What are European Schools?
The European Schools are official educational establishments controlled jointly by the governments of the Member States of the European Union. In all these countries they are legally regarded as public institutions.
The mission of the European Schools is to provide a multilingual and multicultural education for nursery, primary and secondary level pupils.
There are currently fourteen Type I European Schools: Brussels I (Uccle), Brussels II (Woluwé), Brussels III (Ixelles), Brussels IV (Laeken), Mol, Frankfurt am Main, Karlsruhe, Munich, Varese, Luxembourg European School & European School Luxembourg II (Mamer), Bergen, Alicante and Culham in seven countries (Belgium, Germany, Italy, Luxembourg, Netherlands, Spain and the United Kingdom) with a total of approximately 22,500 pupils.

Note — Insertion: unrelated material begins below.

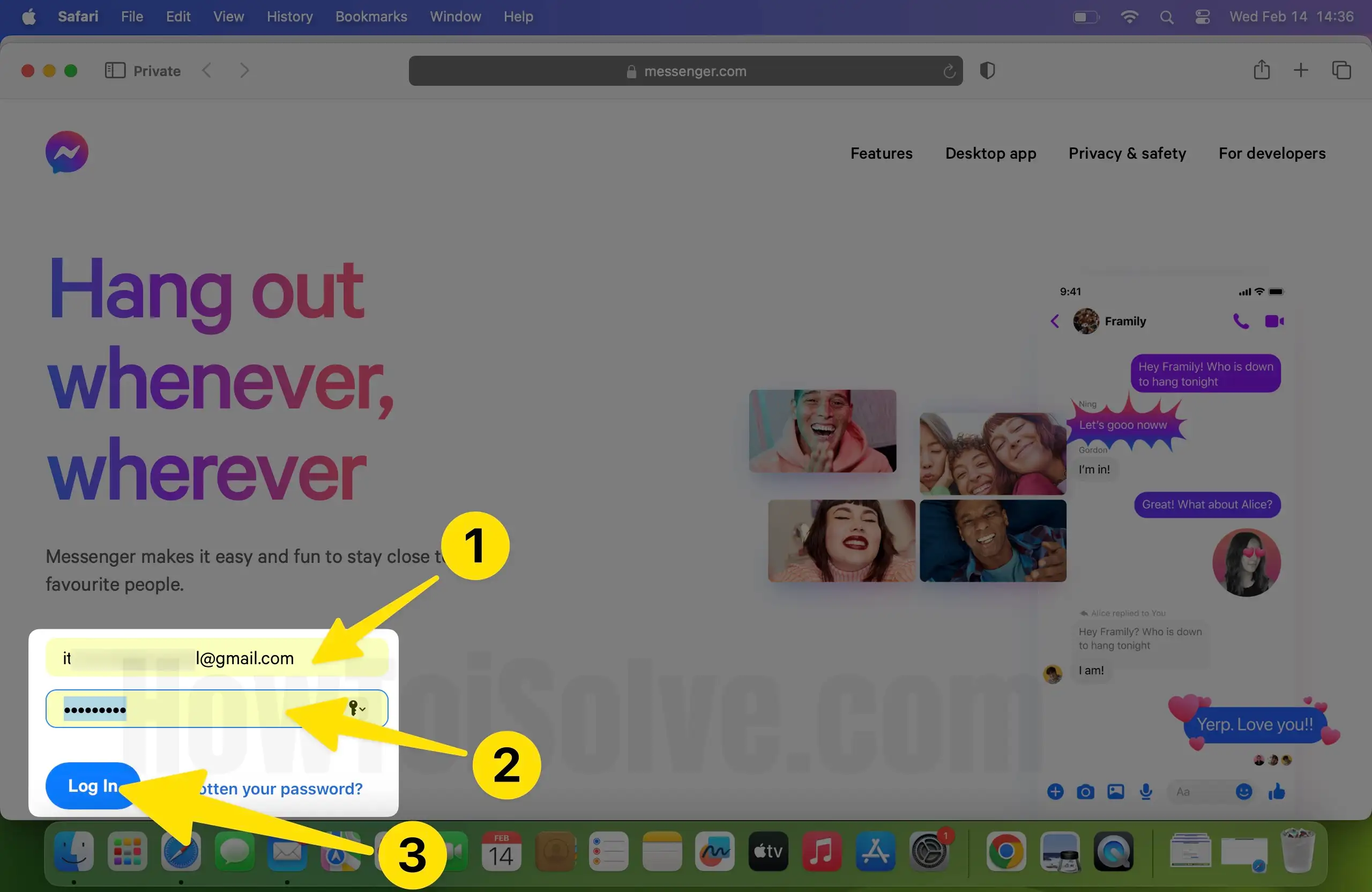 Step 1: Log in to your messenger account on any web browser on your Desktop. Login with your username and password.

There are also seven Type II European Schools: European Schooling Helsinki, Ecole européenne de Strasbourg, Ecole internationale Provence Alpes Côte d’Azur à Manosque, School of European Education Heraklion, Centre for European Schooling Dunshaughlin, Scuola per l'Europa, and Europese School Den Haag Rijnlands Lyceum in six countries (Finland, France, Greece, Ireland, Italy and the Netherlands).
There is currently one Type III European School: Europäische Schule RheinMain GmbH – Bad Vilbel (Germany).
The History of the European Schools
The European Schools began in October 1953 in Luxembourg, on the initiative of officials of the European Coal and Steel Community, with the support of the Community’s institutions and the Luxembourg Government. This experiment in education, side by side, of children of different mother tongues and nationalities quickly took shape as the six different governments and Ministries of Education co-operated in matters of curricula, appointment of teachers, inspection and recognition of levels attained.
In April 1957, the signing of the Protocol made the Luxembourg School the first official European School. The first European Baccalaureate was held there in July 1959 and the qualification was recognised as fulfilling basic entrance requirements by all the universities of the member states.
The success of this educational experiment encouraged the European Economic Community and Euratom to press for the establishment of other European Schools at their various centres.